Mo, 28. Mai 2018

Wohnzimmer-Gaming

30.01.2014 08:55

Steam: Spiele-Streaming nimmt langsam Gestalt an

Valve will in den kommenden Monaten mit seinen wohnzimmertauglichen Linux-Spiele-PCs unter dem Label Steam Machines und dem passenden Steam Controller eine Alternative zu den Konsolen von Microsoft, Nintendo und Sony heranzüchten. Das Problem der mangelnden Spieleauswahl für Linux will Valve umgehen, indem die Games von einem Windows-Rechner auf die Steam Machine gestreamt werden. Wie gut das bereits funktioniert, wird von Betatestern aktuell erprobt.

Die Streaming-Funktion, die der Spieledienst Steam in naher Zukunft erhalten soll, ist für den Erfolg der Steam Machines von zentraler Bedeutung. Das Grundproblem: Valves hauseigenes Linux-Betriebssystem SteamOS kämpft mit einer recht mickrigen Spiele-Auswahl, weil die meisten aktuellen Games nur auf Windows laufen.

Wer sich eine Steam Machine anschafft, will allerdings alle Games aus seiner Spielebibliothek spielen – nicht nur jene, die mit Linux kompatibel sind. Die Streaming-Funktion schafft hier Abhilfe: Dank ihr werden Games von einem vorhandenen Windows-Spielerechner auf einen anderen Rechner mit Steam gestreamt, dessen Betriebssystem und Hardware weitgehend nebensächlich sind.

Tester loben bereits spielbare Streaming-Games
Wie gut das bereits funktioniert, wird aktuell im Betatest erprobt. Mitmachen dürfen bislang nur ausgewählte Tester, erste Erfahrungsberichte lesen sich jedoch vielversprechend. So berichtet etwa Hayden Dingman, Redakteur bei "PC World", dass die Funktion bereits recht vernünftig funktioniere und im Test das Streaming des grafisch anspruchsvollen "Assassin's Creed 4: Black Flag" von einem Mittelklasse-Windowsrechner auf ein betagtes Macbook ohne größere Probleme funktioniere.

Zwar gebe es eine gewisse Latenz beim Spielen, die vor allem in Shootern das Zielen erschwert.

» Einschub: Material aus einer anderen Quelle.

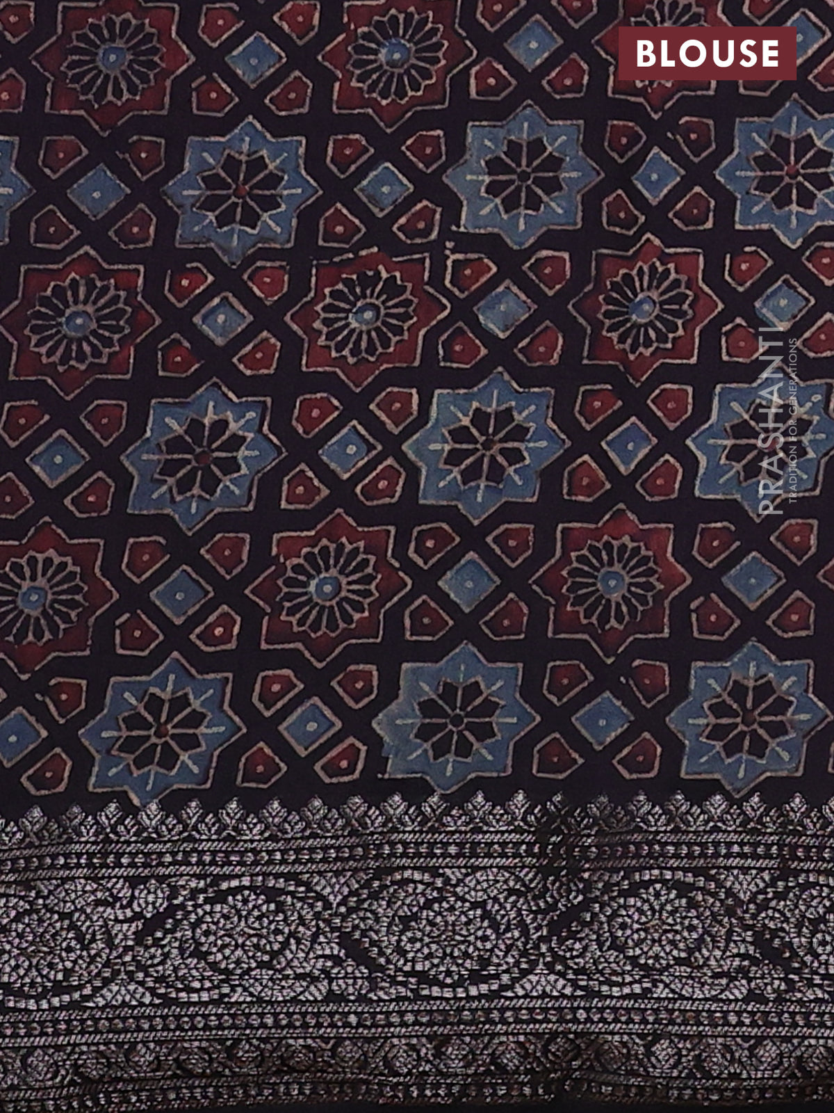 Chiniya silk saree magenta pink and black with plain body and woven border

Allerdings testete Dingman die Streamingfunktion auch in einem eher betagten 802.11g-Netzwerk mit einer maximalen Datenübertragungsrate von 54 Megabit pro Sekunde. Aktuellere WLAN-Standards wie 802.11n oder 802.11ac liefern eine wesentlich höhere Geschwindigkeit und sollten somit auch geringere Latenzen und höhere Datenraten stemmen. Spielbar seien die von ihm getesteten Games als Stream aber jetzt schon, schreibt Dingman.

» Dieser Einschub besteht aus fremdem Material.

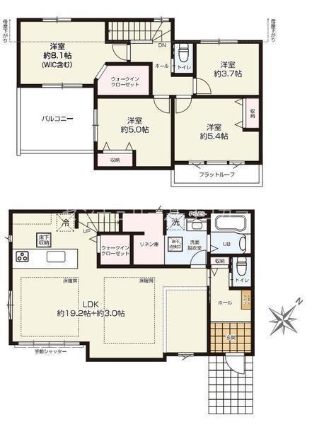 1F LDK 22.0帖 、2F 洋 8.1帖 、2F 洋 5.4帖 、2F 洋 5.0帖 、2F 洋 3.7帖

Streaming löst mehrere Probleme auf einmal
Die positive Resonanz, auf die der Streamingdienst für das Heimnetzwerk stößt, gibt Grund zur Hoffnung, dass Valve tatsächlich eine praktikable Spiele-Streaminglösung zustande bringt. Damit würde der Steam-Betreiber gleich mehrere Probleme lösen. Er würde nicht nur die mangelnde Spiele-Auswahl für SteamOS und die Steam Machines ein Stück unproblematischer machen, sondern gleichzeitig Tür und Tor für die Nutzung von PC-Games in verschiedenen Räumen öffnen.

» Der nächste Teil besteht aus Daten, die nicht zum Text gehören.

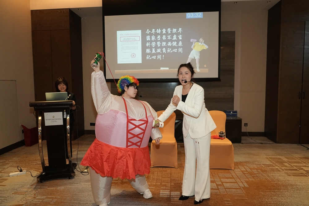 张文秀在护理与康复专场担任主持,并受邀加入“保膝护航圆桌派”,围绕“多学科协作下的保膝全周期管理”主题,分享湘雅三医院保膝管理经验。黄哲主管护士分享了全病程管理在保膝治疗中的应用,从术前精准评估、术中精细化护理、术后个体化康复到长期健康指导,全方位展现了医院在保膝护理与康复管理的创新实践与优质经验,为亚洲保膝护理体系建设提供重要参考。此外,黄哲、贺华姣带来精彩的保膝科普秀,以通俗易懂的语言、幽默风趣的表演形式,将专业医学知识转化为大众易懂的健康常识,助力提升公众膝关节健康素养,获现场观众与专家一致好评。

Durch Steams Spielestreaming könnten Besitzer eines leistungsstarken Spiele-PCs für wenig Geld einen schwachen Mini-PC an den Fernseher im Wohnzimmer oder im Schlafzimmer anschließen, der im Bedarfsfall Spiele aus dem Netzwerk streamt. PC-Spiele wären nicht länger an den PC gebunden, sondern könnten quer über verschiedene Betriebssysteme – Linux, MacOS, Windows – auch auf Rechner gestreamt werden, auf denen das Game sonst nicht laufen würde.